Details on the individual elements may be understood properly by
the spirit detailed in the following related description.
[0042] Unless otherwise defined, all technical and scientific terms
used herein have the same meaning as commonly understood by a
person skilled in the art to which the present disclosure pertains.
In general, the terminology used herein is well-known in the art
and commonly used.
[0043] In the case of using a batch fermenter in the microbial
fermentation, fermentation time is long, and thus, several
fermenters should be installed for implementing a continuous
operation, and due to the universal characteristic of fermentation
strains, pentose is consumed after hexose is consumed, in which
there is a difference in each fermentation condition. Further, in
the case of batch fermentation, residual lignin after
saccharification is also contained in the fermenter together, which
inhibits the contact of the strain with sugar to cause long
fermentation time and a high energy cost for agitation.

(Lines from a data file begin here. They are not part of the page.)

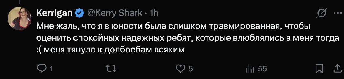 Вот у нее бомбануло кстати не так давно когда кто-то в иксе написал что вы никогда не выглядите моложе своего возраста. НИКОГДА. Сразу же пошел топовый манямирок пожилой бабули о том что все удивляются когда узнают что ей всего лишь 40 ведь выглядит то она на 45-50 хва-хва
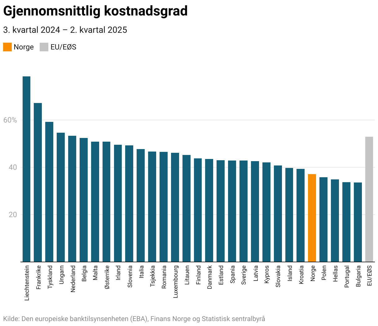 De norske bankene har automatisert og digitalisert store deler av driften. Det har gitt de norske bankene en av de laveste kostnadsgradene i Europa.
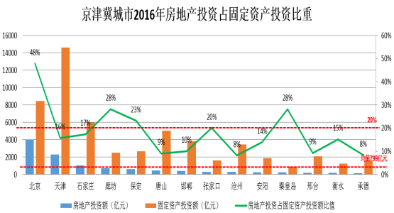 2016年京津冀城市群房地产投资额为11189亿元,占全国房地产投资额135284亿元的8.27%;房地产投资额在均值799亿元以上的城市有3个,分别是北京、天津及石家庄。房地产投资占固定资产投资比重超过25%的有3个,分别为北京、廊坊及秦皇岛,此区域房地产投资相对过热,建议谨慎拿地;介于15%至25%的有5个,分别为天津、石家庄、保定、张家口及衡水,此区域为房地产合理投资区,建议重点关注;在15%以下的城市有6个,此区域房地产投资相对较少,存在潜在投资机会。
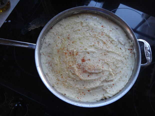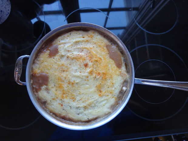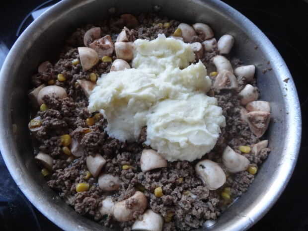 -Cuchara de puré de patatas en la parte superior del relleno de carne y alíselo.
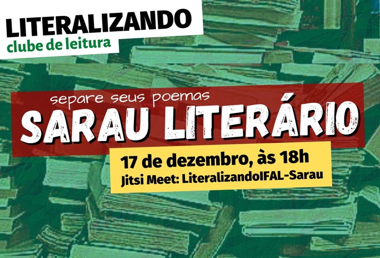“Para participar do Sarau Literário basta acessar a sala ‘LiteralizandoIFAL-Sarau’ do aplicativo Jitsi Meet. Quem escreve poesias, leve-as para compartilhar. Ou traga aquelas poesias que você gosta e queira compartilhar. A atividade é aberta e esperamos encerrar um ano difícil com um pouco de poesia”, convida o professor Lucas Menezes, que é um dos organizadores do grupo.
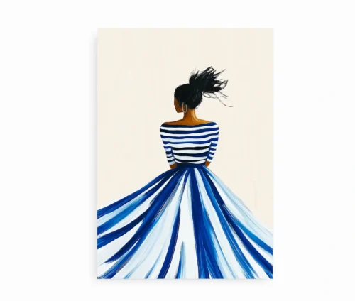 Kjolens lange, flagrende skørter og klassiske striber er gengivet med dynamiske penselstrøg og kontrasterende nuancer af blå, som giver bevægelse og liv til motivet. Den lyse baggrund skaber ro og lader kvinden stå i centrum uden forstyrrelser. Det gør plakaten ideel til dig, der elsker enkel, men udtryksfuld kunst.
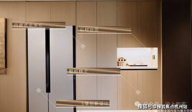 入户后,第一眼就可以看到玄关柜采用石材台面, ✅✅招商时代乐章售楼处电话:400-8385-958✅✅ 下至标配鞋柜精灵,在S墙创新设计后,首批次房源更是额外赠送西门子双开门冰箱,这在以往可是上海千万级新房的交付标准:
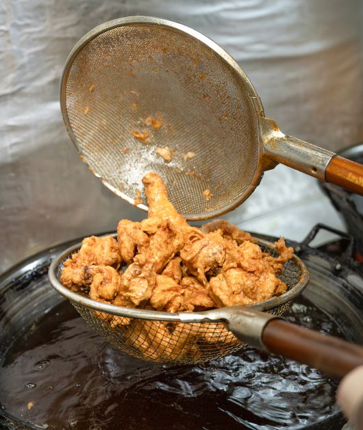 남부 지역에는 돼지기름(라드)를 쉽게 구할 수 있었고, 이를 녹여 닭을 튀겨 프라이드 치킨을 만들었다. 이는 무더운 남부의 날씨를 견디는 데 도움이 되었으며, 오븐에 닭 가슴살만 구워 먹던 백인들에게도 흑인들의 음식을 쉽게 활용할 수 있는 수단이 되었다.

[0044] In the present disclosure, in order to develop a
fermentation system capable of minimizing residual sugars after
fermentation by differentiating the optimal fermentation condition
of strains, through separated fermentation of hexose and pentose, a
fermentation system in which a bottom-up hexose fermenter and a
top-down pentose fermenter are installed separately, and trays
closing at least half of the diameter of the fermenter, as
illustrated in FIG. 1, are disposed within each fermenter has been
developed. As a result of supplying and fermenting a
lignin-containing saccharified solution using the fermentation
system, it was confirmed that the fermentation productivity was
improved.
[0045] Therefore, as an exemplary embodiment of the present
disclosure, a continuous fermenter for sequential fermentation of
hexose and pentose, comprising: (a) a hexose fermenter equipped
with: (i) a supply unit for a saccharified solution containing
hexose, pentose and lignin; (ii) a plurality of trays closing at
least half of a diameter of the hexose fermenter; (iii) impellers
disposed on each of the trays; (iv) an impeller driving unit; (v) a
lignin discharge unit disposed at a bottom of the hexose fermenter;
and (vi) a fermented solution discharge unit; and (vii) a
temperature control jacket; and (b) a pentose fermenter equipped
with: (i) a fermented solution supply unit for supplying a
fermented solution discharged from the hexose fermenter; (ii) a
plurality of trays closing at least half of a diameter of the
pentose fermenter; (iii) impellers disposed on each tray; (iv) an
impeller driving unit; (v) a lignin discharge unit disposed at a
bottom of the pentose fermenter; (vi) a fermented solution
discharge unit; and (vii) a temperature control jacket, is
provided.
[0046] More specifically, in the present disclosure, it is
preferred that the saccharified solution containing hexose, pentose
and lignin is supplied to the bottom of the hexose fermenter, in
which lignin in the saccharified solution sinks to the bottom of
the fermenter so that it is present in a solid state only in the
lower tray, thereby improving the fermentation speed at the top of
the fermenter.
[0047] In the present disclosure, the hexose fermenter is a
bottom-up fermenter, in which a plurality trays closing at least
half of the diameter of the fermenter are installed alternately at
a regular distance, and it is preferred that the number of trays is
10-60, and the distance between the trays is 0.5-1 m, considering
the equipment height in the commercial plant is at most 20-30 m. It
is preferred that the length to diameter ratio (L/D) of the
fermenter is 2 or more, considering that the load of the driving
unit increases with the increase of the diameter of the impeller.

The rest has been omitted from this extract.